Pre-orthodontic Intervention for Pediatric Sleep Disordered Breathing: A (R)evolutionary Solution to a Modern Problem

by Kevin Boyd; Marianna Evans

Malocclusion (HM) is a rising public health epidemic that is seen mainly within industrialized/industrializing cultures. To date, there is no published evidence that malocclusion had ever been a significantly observed human trait prior to the Industrial Revolution in Europe and North America during late 18th/early to mid/late 19th-Centuries; its relatively recent appearance as a common human phenotype suggests that intensifying industrial environmental pressures upon the human genome must somehow be contributory.

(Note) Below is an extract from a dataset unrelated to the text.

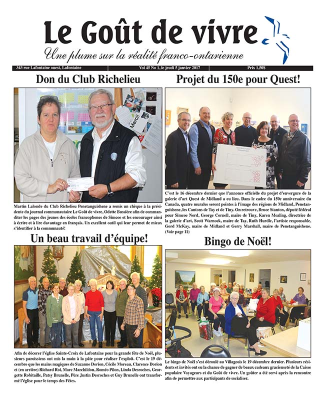 Martin Lalonde du Club Richelieu Penetanguishene a remis un chèque à la présidente du journal communautaire Le Goût de vivre, Odette Bussière afin de commanditer

The concept of a genome-environment mismatch is one explanation for the high rates of non-communicable disease (NCDs) now seen in industrialized populations that were seldom, if ever, significantly prevalent within ancestral populations.1 Evidence from various academic disciplines suggests a correlation between risk for NCD’s (e.g., type 2 diabetes, obstructive sleep apnea, cardiovascular disease, and some cancers) and changed dietary practices associated with industrialization.2 The environmental-genomic mismatch hypothesis can also help explain the relatively recent increasing prevalence of certain chronic diseases of oral origin; the so-called plaque-mediated dental diseases, caries and periodontal disease, are both oral infirmities that have plagued mankind since the advent of agriculture some 10-12,000 years ago, but along with recently emerged HM, have only begun increasing in frequency over the past 250-300 years, and mainly in cultures consuming an industrial-type diet. Given additional evidence that mandibular retrognathia is now a very common human trait known to be associated with increased risk for many potentially devastating NCDs such as obstructive sleep apnea, 3,4 etc., it is urgent that we identify possible environmental-genetic (i.e., epigenetic) mechanisms that might help explain the relatively sudden appearance of malocclusion in humans living in industrialized cultures.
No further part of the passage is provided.